Scan the records below for the line with "ATTRACTIVE RANGOLI SILK" and the line with "El cable para", and retype that range exactly, both ends included, pictures excepted.

▸ ENTRIES PROVIDED:
--*--
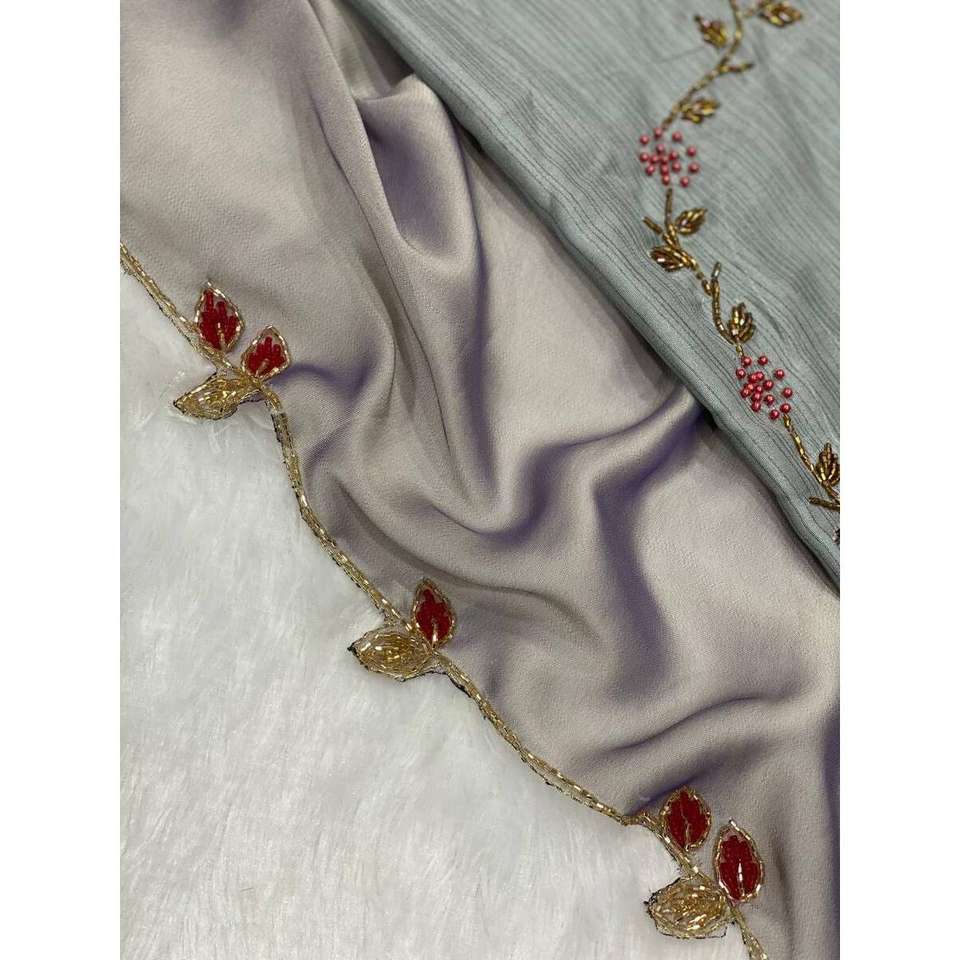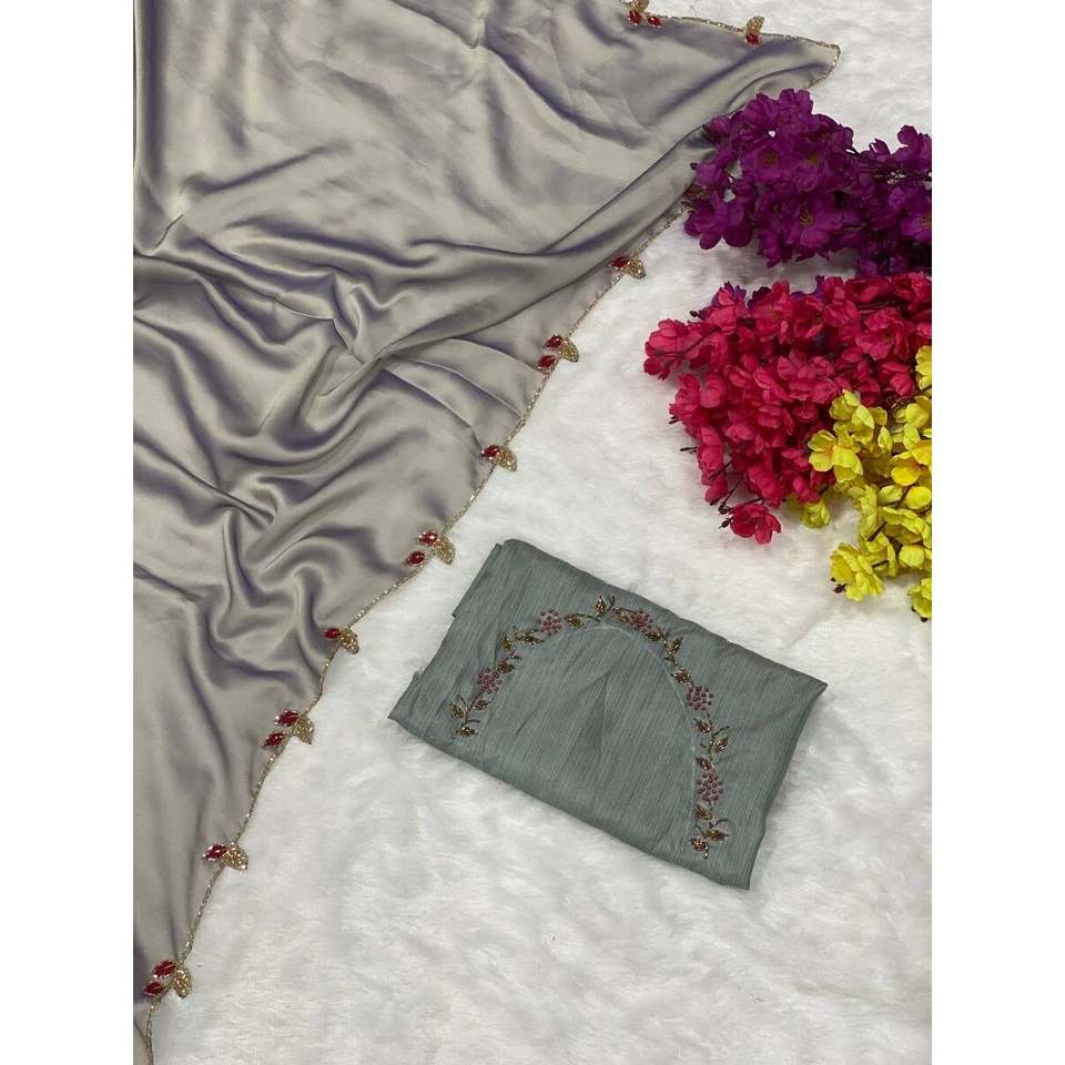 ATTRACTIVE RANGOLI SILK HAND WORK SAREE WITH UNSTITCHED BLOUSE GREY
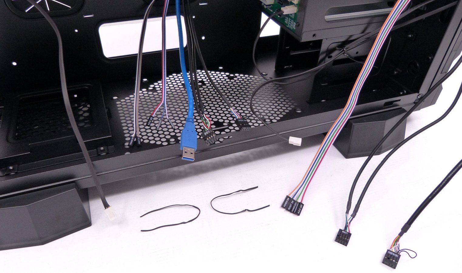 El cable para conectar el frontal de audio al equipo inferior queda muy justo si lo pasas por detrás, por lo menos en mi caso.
--*--
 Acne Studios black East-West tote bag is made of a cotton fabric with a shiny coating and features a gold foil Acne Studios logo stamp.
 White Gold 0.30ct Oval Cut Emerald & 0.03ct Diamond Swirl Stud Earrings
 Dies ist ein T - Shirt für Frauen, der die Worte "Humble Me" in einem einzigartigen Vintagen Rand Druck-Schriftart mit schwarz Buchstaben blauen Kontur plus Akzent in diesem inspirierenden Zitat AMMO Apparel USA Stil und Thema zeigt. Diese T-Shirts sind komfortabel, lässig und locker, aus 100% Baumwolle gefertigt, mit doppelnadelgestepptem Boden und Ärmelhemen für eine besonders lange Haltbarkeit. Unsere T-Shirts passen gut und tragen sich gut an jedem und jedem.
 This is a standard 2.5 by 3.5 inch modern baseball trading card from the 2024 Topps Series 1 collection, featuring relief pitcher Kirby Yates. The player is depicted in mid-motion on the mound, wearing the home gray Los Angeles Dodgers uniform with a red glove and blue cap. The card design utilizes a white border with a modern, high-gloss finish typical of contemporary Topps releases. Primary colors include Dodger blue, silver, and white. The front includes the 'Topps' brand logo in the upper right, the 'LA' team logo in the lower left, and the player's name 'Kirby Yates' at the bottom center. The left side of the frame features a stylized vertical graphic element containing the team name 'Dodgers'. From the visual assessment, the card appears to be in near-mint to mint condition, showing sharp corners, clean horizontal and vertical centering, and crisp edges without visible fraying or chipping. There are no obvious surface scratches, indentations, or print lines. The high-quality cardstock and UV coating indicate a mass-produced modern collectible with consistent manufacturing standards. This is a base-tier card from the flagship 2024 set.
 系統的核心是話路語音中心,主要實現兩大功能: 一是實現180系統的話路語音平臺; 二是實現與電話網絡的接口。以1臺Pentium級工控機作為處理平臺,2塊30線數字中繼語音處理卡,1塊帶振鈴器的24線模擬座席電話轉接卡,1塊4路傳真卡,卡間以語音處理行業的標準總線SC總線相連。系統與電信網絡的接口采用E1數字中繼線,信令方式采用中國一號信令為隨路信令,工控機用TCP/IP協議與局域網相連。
--*--
▸ WRITTEN SOLUTION:
 ATTRACTIVE RANGOLI SILK HAND WORK SAREE WITH UNSTITCHED BLOUSE GREY
 El cable para conectar el frontal de audio al equipo inferior queda muy justo si lo pasas por detrás, por lo menos en mi caso.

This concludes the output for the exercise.